New District 5 council member Chris Hanie said the raises needed to be approved immediately. “Enough’s enough,” he said.

District 2 council member Steve Thompson expressed his displeasure the rest of the council was just “walking away” from a study the council spent $111,500 on without addressing the needs of other city employees.

Thompson also reiterated his past concerns the council has no idea how it will continue paying for the raises going forward and asked if Matta was OK raising property taxes.
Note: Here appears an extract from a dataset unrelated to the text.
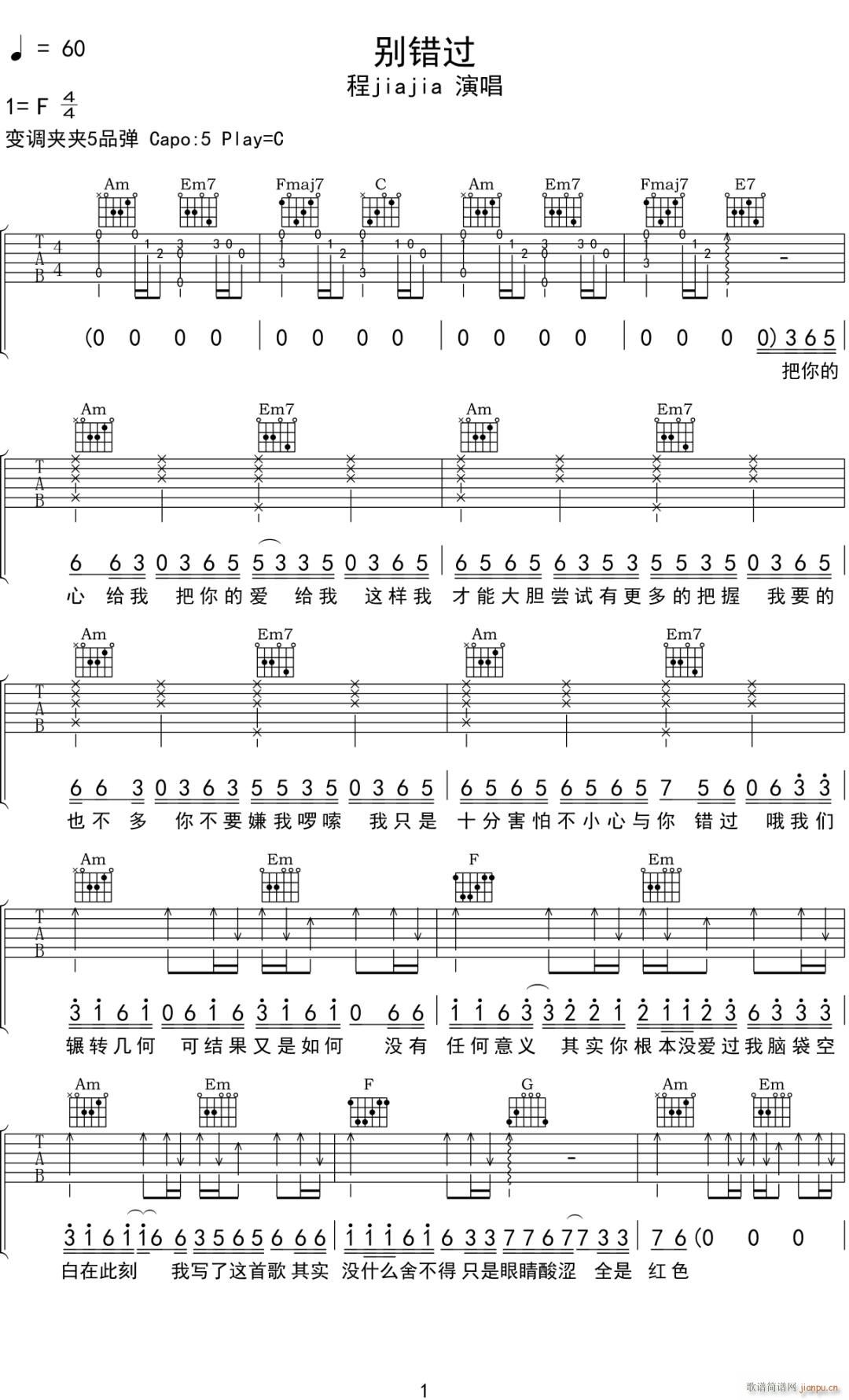 公众号:绵羊乐谱 别错过 ( C调原版编配) 免费弹唱吉他谱_六线谱/词曲:程jiajia 点击: (网络) 公众号:绵羊乐谱 | 官方QQ群:978773290 不吃独食,学会分享!本文链接:http://www.shaomingyang.com/btb/34795.html 转载请标明出处,尊重原创(๑╹◡╹)ノ。如信息有误或版权疑问,请通过网站底部联系我们会第一时间处理,感谢理解支持(◕ᴗ◕✿)!

Matta’s idea doesn’t address the issue of compression, the phenomenon that results in newer employees getting paid more than long-term employees, Thompson said.

The council voted in July to hire Evergreen Solutions because the study was three years old and did not include other city employees, he said.

During the meeting Matta said he used Evergreen Solutions’ study in coming up with his plan. Both he and Swanner said the council has time to figure out how to pay for the raises in the future.

“You may not have to raise property taxes, but that’s a great thing to say whenever you want to scare people,” Matta said.

“I’m not trying to scare anybody, I’m asking a simple question,” Thompson said.

“It’ll be paid. It’ll be paid,” Matta responded.

“I’m done,” Thompson said.

Muncy declined to answer questions following the meeting.

In other action, the council voted 6-1 to declare Odessa a sanctuary city for the unborn. It was a second and final vote on the ordinance. Thompson again voted against the measure both times. District 3 Council member Gilbert Vasquez abstained from the vote last time, but voted in favor Tuesday. Thompson has said he believes the ordinance is redundant because Gov. Greg Abbott has already declared the state a sanctuary state. Thompson has also said he doesn’t want to impose his religious views on others.

The ordinance makes it illegal for anyone to “aid or abet” a woman in obtaining an abortion by driving them to an abortion provider, giving instructions on how to self-administer an abortion, giving them money to pay for the procedure or coercing them into getting an abortion. It also makes it illegal for any doctors to perform the procedure. In either case, the offenders won’t risk criminal charges, instead they can be sued civilly.

The vast majority of citizens who spoke on the measure were in favor, with several sharing personal stories of loss, arguing the unborn are not just a cluster of cells, but babies. They also argued the ordinance is not redundant because efforts are underway at the federal level to codify Roe v. Wade.

Two women spoke against the ordinance. One noted that if the council were really “pro-life” they’d take measures to address the death penalty, high maternal mortality rates and high suicide rates amongst the LGBTQ population.

Hannah Horick, Ector County Democratic Party Chair, said it is a shame the ordinance doesn’t provide an exception for victims of domestic violence and sexual assault who did not choose to become pregnant. She also said the ordinance violates free speech.

“This ordinance means that you control my speech. You control how I spend my private funds, how I spend my time and for whom I might work with, whom I associate, and that sounds like a violation of the First Amendment to me. And while we may have a caveat, we may have a line in the ordinance that says there are no violations of the First Amendment under this ordinance that scares people. It scares people away from getting health care. It scares people away from speaking with their physicians,” Horick said.

As a private citizen, she’s helped countless people access all kinds of health care, Horick said.

“Nothing about this ordinance, whether it has all of you all’s votes, six of your votes for it and your signature on it Mr. Mayor, it will never stop me. I will keep advocating for health care. I will keep donating to these organizations and there is nothing a piece of paper can do to stop me,” Horick said.